L’observatoire a aussi construit un autre indicateur intéressant. Il mesure le coût carbone d’une nuitée par touriste. Pour un touriste français il est en moyenne de 12 kg équivalent Co2/nuitée, alors qu’il flirte avec les… 50 kg équivalent Co2/nuitée pour un touriste étranger ! Certains rappelleront que sur place, ce dernier dépense actuellement nettement plus qu’un vacancier français (155€ par jour contre 97€), mais, avec cet indicateur et face au réchauffement climatique, à quel prix environnemental, sauf à mettre le paquet dans la décarbonation du transport. Ce dernier représente encore 57% des émissions du tourisme hivernal.

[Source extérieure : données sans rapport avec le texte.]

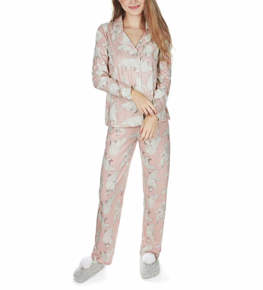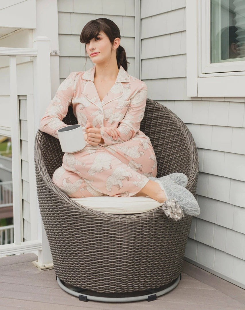 Can you bear such adorable pajamas? The Notch Collar Polar Bear PJ Set is so comfortable you’ll want to hibernate in it! Lightweight fabric feels gentle against the skin for sleep that won’t be interrupted by heavy material or constriction. Complete with matching tops and bottoms available for a wide array of body sizes and shapes, you’ll look your coolest in all over polar bear print.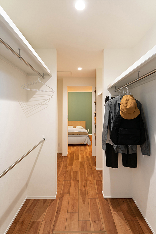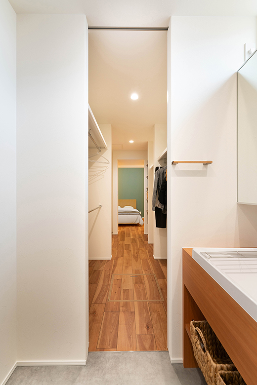 洗面室と寝室の間にウォークインクローゼットがあり、朝の身支度を最短距離で済ませられる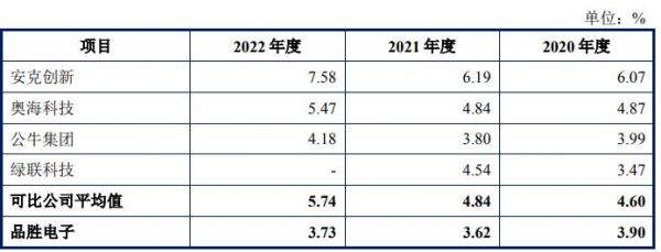从研发投入来看,报告期内,公司研发费用分别为4451.57万元、4803.63万元与4957.27万元,研发费用率分别为3.90%、3.62%与3.73%。同期品胜电子可比公司研发费用率的平均值分别为4.60%、4.84%与5.74%。
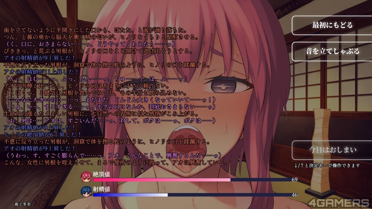 除了「大人值」之外,同时因为「幽世村」的特殊环境,也会增加「发情值」(毕竟会看到一堆香豔的场景,应该没几个人忍得住)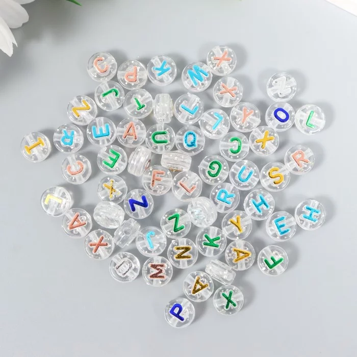 Бусины для творчества пластик "Английские цветные буквы" прозрачные набор 20 гр 0,6х1х1 см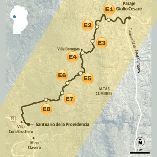 Un disfrute de sabores y colores nos aguarda en este recorrido. La profundidad de su Dique y la posibilidad de embarcarnos en su historia, nos asombra. Un circuito con historia donde visitaremos El Perchel, un paraje de la localidad de Las Calles, y una pulpería donde se encuentra la primera licorería artesanal de Traslasierra, Eben Ezer. Concluimos conociendo la localidad de Nono, su plaza, iglesia y un recorrido por el paseo de las esculturas.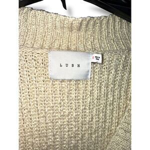 Soft, cozy, and easy to style — this LUSH colorblock cardigan is perfect for fall layering or chilly evenings. Features a gorgeous, creamy pink and beige palette with tonal stripes and a fluffy textured knit along the sleeves and body. Finished with a ribbed trim, drop shoulders, and a button front. Made from an acrylic blend. New with tags, size Small. Get your Fall wardrobe started today with this adorable piece!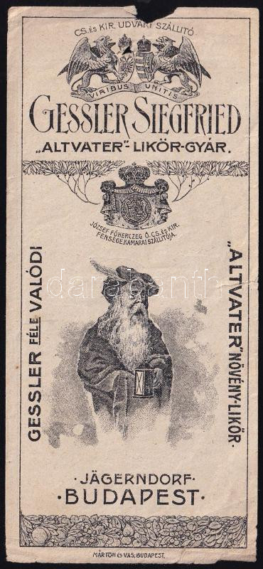 cca 1910 Gessler Siegfried ,,Altvater"-Likőrgyár számolócédula, k... https://www.darabanth.com/de/444-Fernauktion/444.0/Kunst-Dokumente-andere-Sammelgebiete/Werbungen~500028/cca-1910-Gessler-Siegfried-Altvater-Likorgyar-szamolocedula-kisse-serult~II2926923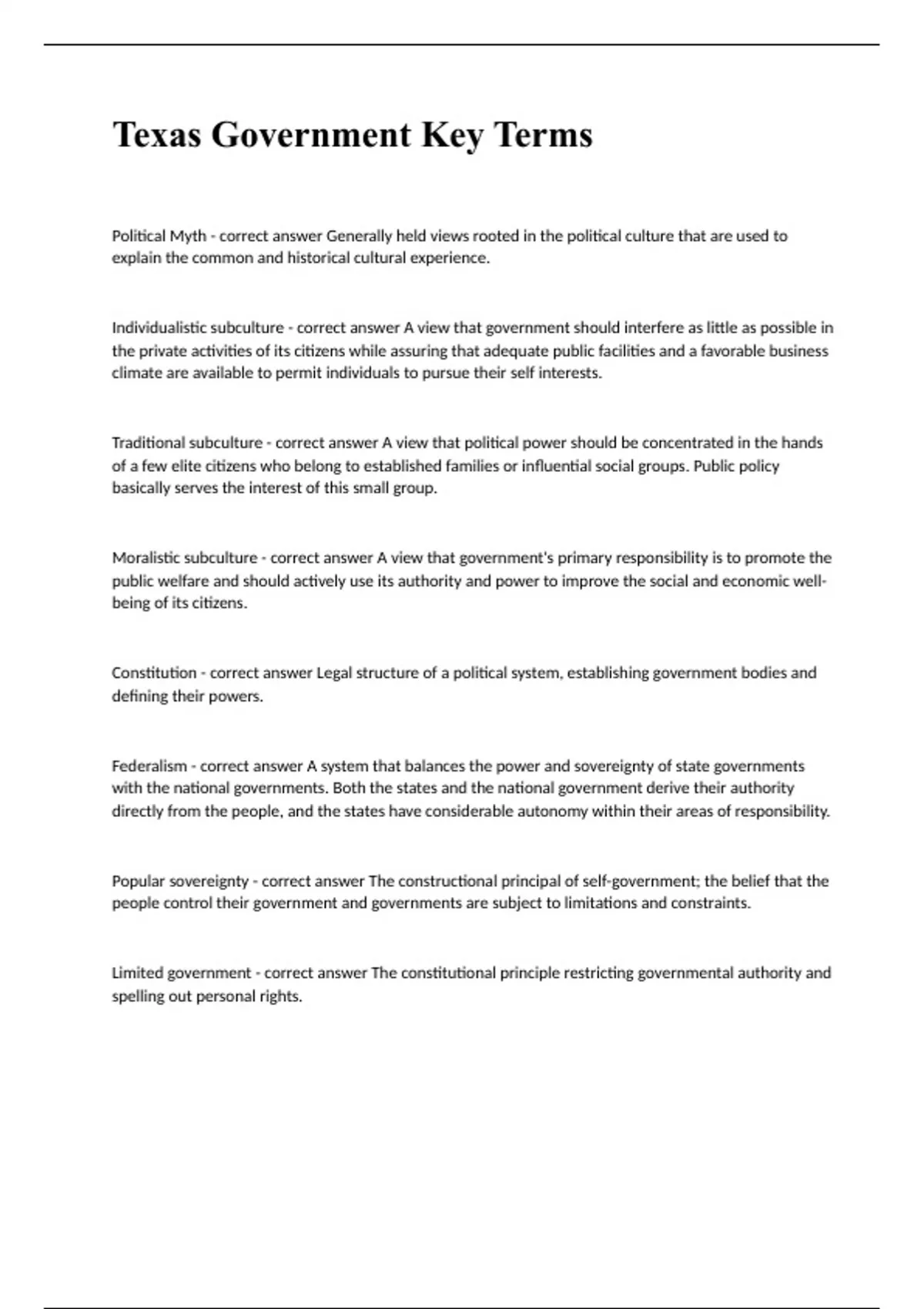 Texas Government Key Terms Political Myth - correct answer Generally held views rooted in the political culture that are used to explain the common and historical cultural experience. Individualistic subculture - correct answer A view that government should interfere as little as possible in the private activities of its citizens while assuring that adequate public facilities and a favorable business climate are available to permit individuals to pursue their self interests. Traditional subculture - correct answer A view that political power should be concentrated in the hands of a few elite citizens who belong to established families or influential social groups. Public policy basically serves the interest of this small group. Moralistic subculture - correct answer A view that government's primary responsibility is to promote the public welfare and should actively use its authority and power to improve the social and economic well-being of its citizens. Constitution - correct answer Legal structure of a political system, establishing government bodies and defining their powers. Federalism - correct answer A system that balances the power and sovereignty of state governments with the national governments. Both the states and the national government derive their authority directly from the people, and the states have considerable autonomy within their areas of responsibility. Popular sovereignty - correct answer The constructional principal of self-government; the belief that the people control their government and governments are subject to limitations and constraints. Limited government - correct answer The constitutional principle restricting governmental authority and spelling out personal rights. Separation of powers - correct answer The division of authourity among three distinct branches of government- the legislative, the executive, and the judicial- which serves as checks and balances on each other's power. Right-to-work law - correct answer Law prohibiting the requirements of union membership in order to get or hold a job. Grange - correct answer An organization formed in the late nineteenth century to improve the lot of farmers. Its influence in Texas after Reconstruction was felt in constitutional provisions limiting taxes and government spending and restricting banks railroads and other big businesses. Devolution - correct answer Return of powers assumed by the Federal government to the states. Supremacy clause - correct answer A provision of the U.S. Constitution that says federal law prevails in conflicts between the powers of the states and the national government. Cooperative federalism - correct answer Policies emphasizing cooperative efforts among the federal, state, and local governments to address common problems and provide public services to the citizens. Mandates - correct answer Federal laws or regulations that require state or local governments to take certain actions, often at costs that the federal government doesn't reimburse. The state government also imposes mandates on local governments. Revenue sharing - correct answer A program begun under President Nixon and later repealed in which state and local governments received federal aid that could be used for virtually any purpose the recipient government wanted. Project grant - correct answer A federal grant for a defined project. Formula grant - correct answer A federal grant based in specific criteria such as income levels or population.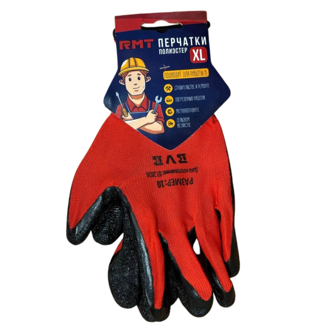 Универсальные перчатки из нейлона/полиэстера, 13 кл. вязки, цвет красный. С рельефным латексным покрытием черного цвета. Хорошая защита от истирания и разрыва. Перчатки с латексным покрытием характеризуются высокой устойчивостью перед холодом, проникновением воды, жидкостей на основе спиртов и ацетонов. Хорошо защищают от кислот и щелочей, являясь при этом гибкими и эластичными. При их эксплуатации рекомендуется избегать контакта с ароматическими растворителями, жирами, маслами, производными углеводородов.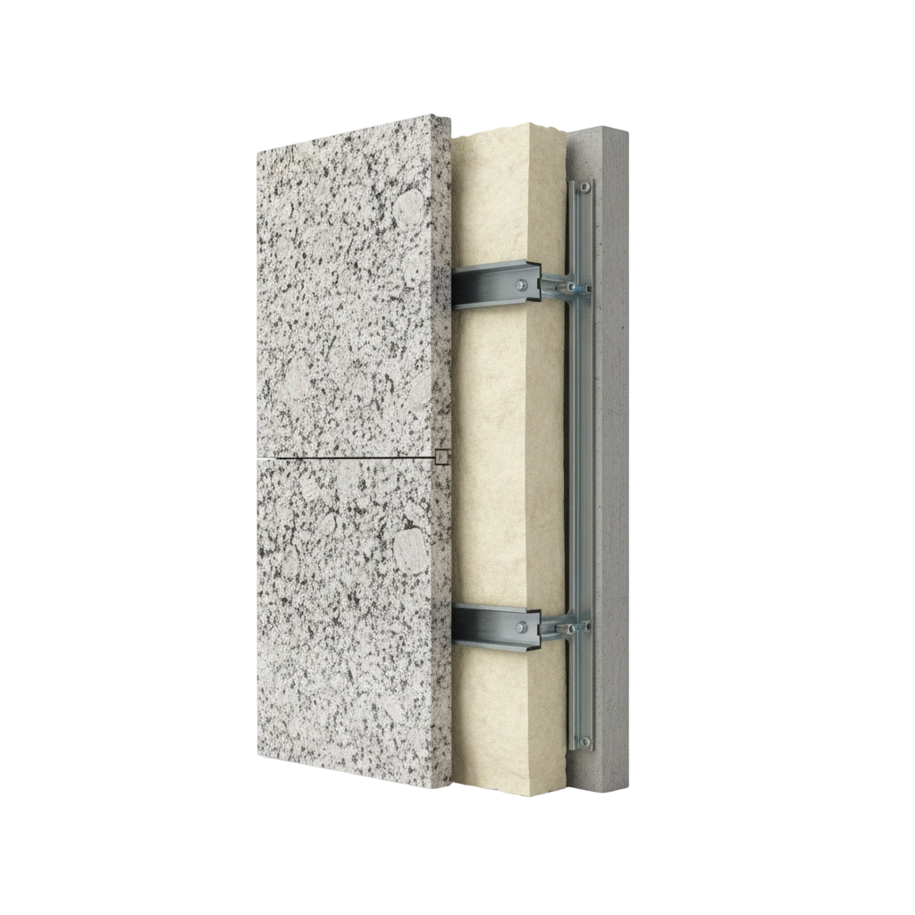 Combines stone panels with thermal insulation layers to improve building energy efficiency while preserving the natural stone façade appearance.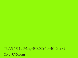 YUV 191.245,-89.354,-40.557 Color is a normal green color and the nearest color is Chartreuse #7fff00. Hex code #91fa0a and RGB value is rgb(145,250,10). In RGB color space, this color is composed of 57% red, 98% green, 4% blue, In CMYK color space, this color is composed of 42% cyan, 0% magenta, 96% yellow , 2% black , In HSL color space, this color has a hue angle of 86° , 96% saturation and 51% lightness.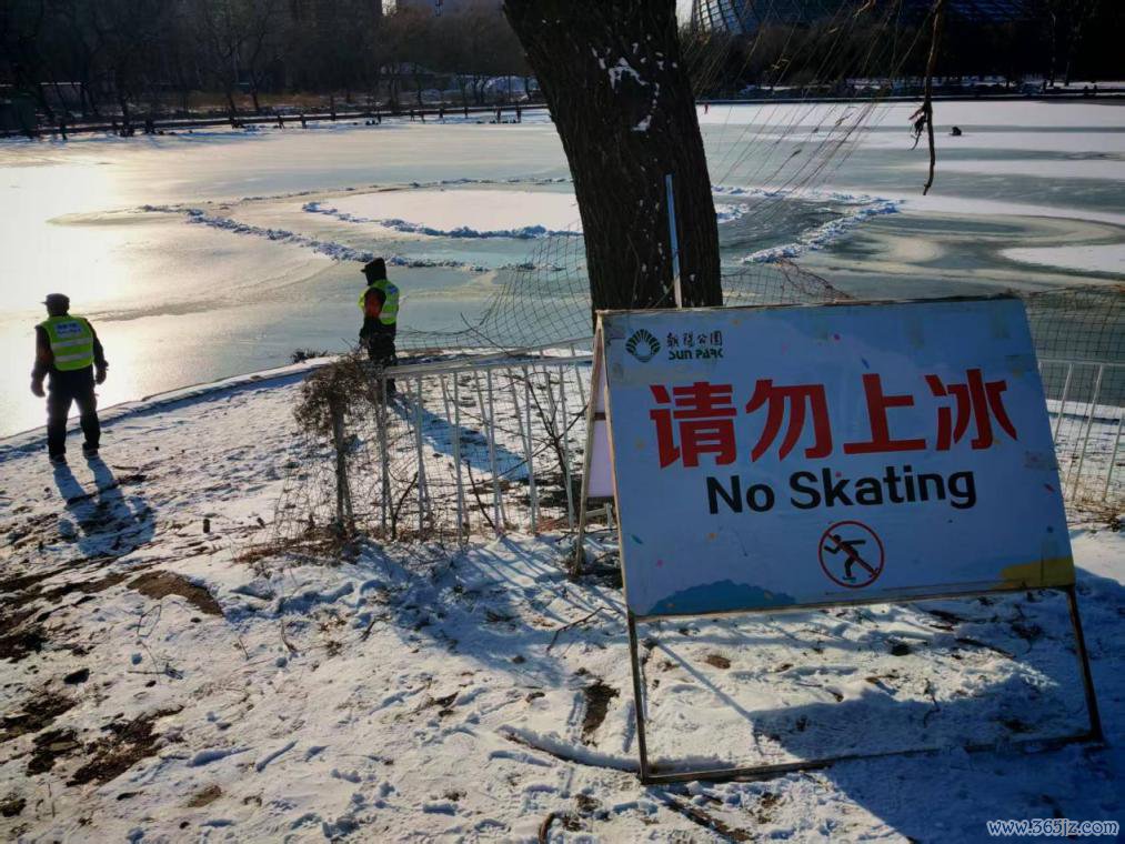 高音喇叭的声息此时满盈贯通:“尊敬的搭客一又友们,接待您来到向阳公园,公园湖面冰层较薄,为了您的安全,请您不要在冰面行走、游玩……”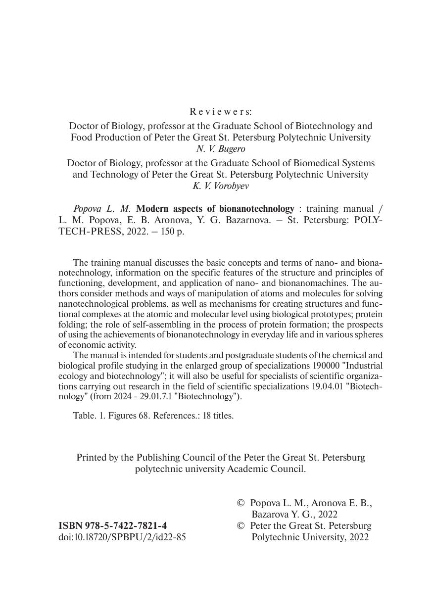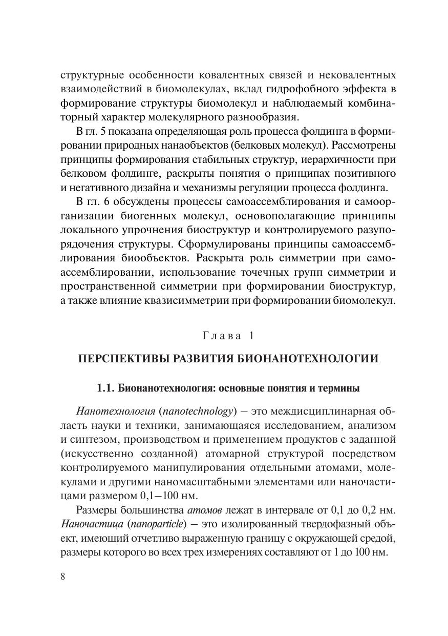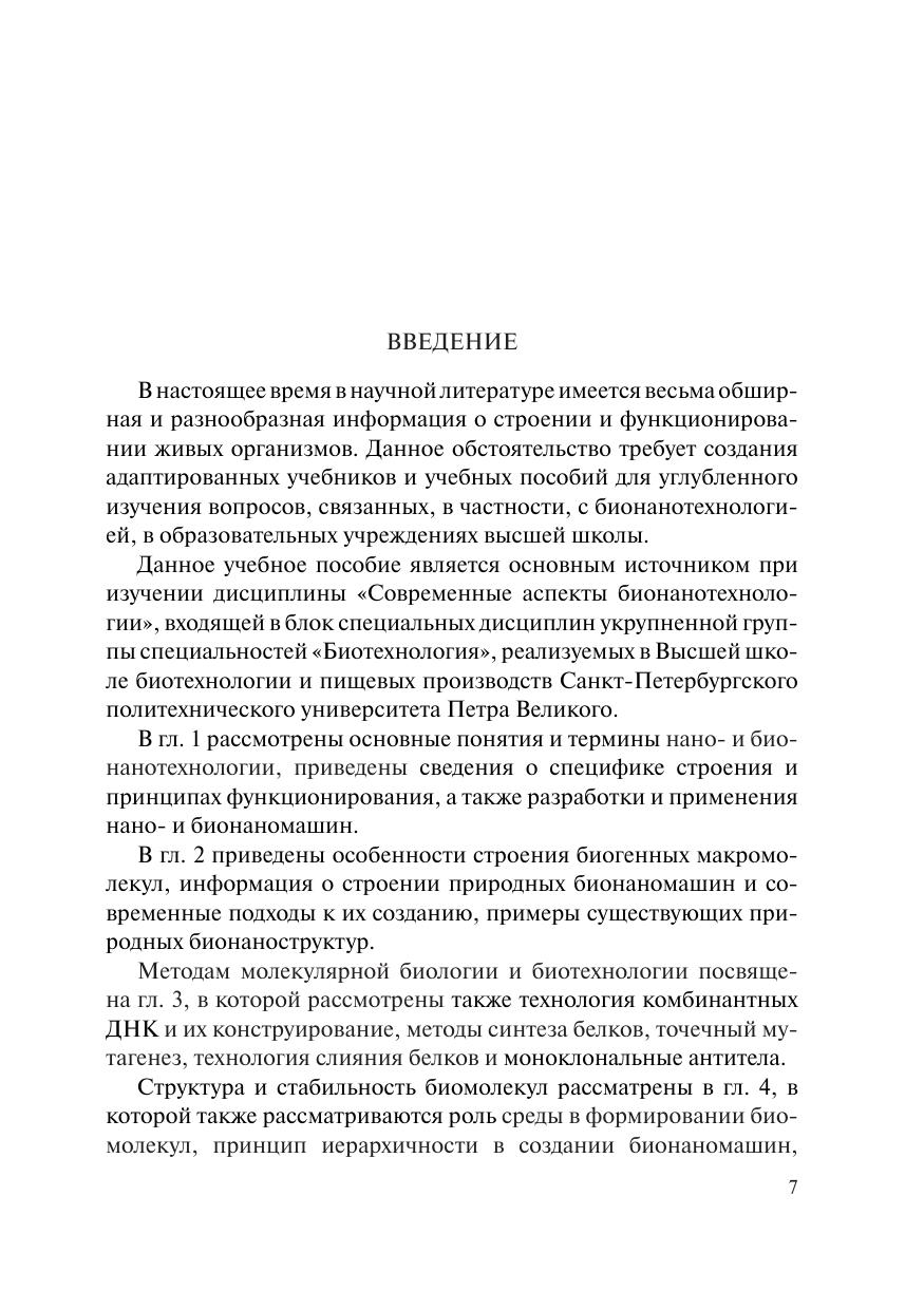 В учебном пособии обсуждаются основные понятия и термины нано- и бионанотехнологии, сведения о специфических особенностях строения и принципах функционирования, разработки и применения нано- и бионаномашин. Рассмотрены методы и способы манипуляции атомами и молекулами для решения нанотехнологических задач, а также механизмы создания структур и функциональных комплексов на атомно-молекулярном уровне с использованием биологических прототипов, фолдинг белков; роль самоассемблирования в процессе формирования белков; перспективы использования достижений бионанотехнологий в повседневной жизни человека и различных областях хозяйственной деятельности. Учебное пособие предназначено для студентов и аспирантов химико-биологического профиля, обучающихся по укрупненной группе специальностей 190000 «Промышленная экология и биотехнологии», а также будет полезно для специалистов научных организаций, выполняющих исследования в сфере научных специальностей 19.04.01 «Биотехнология» (с 2024 г. – 29.01.7.1 «Биотехнология»).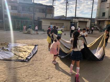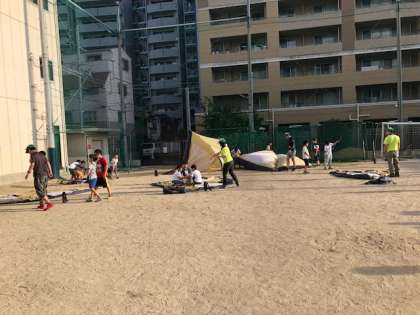 おはようございます。校庭でのテント泊はよく寝られたかな?かなり遅くまで起きていた子どももいたようですが、朝は5時前にはほとんどの子どもが動き出していました。

Cyril Gouttenoire, directeur du pôle Tourisme du CADS pour quelques jours encore -il va prendre les rênes de Crédit Agricole Alpes Développement (filiale du CADS et de CASRA) et être remplacé par Lionel Gruffat, en charge du pôle Territoire-, a porté ce projet d’Observatoire du tourisme désirable des Savoie. Pour lui, il va servir de boussole aux acteurs du territoire pour les aider à construire un nouveau modèle touristique respectueux de son milieu naturel et des populations qui l’habitent et qui le visitent.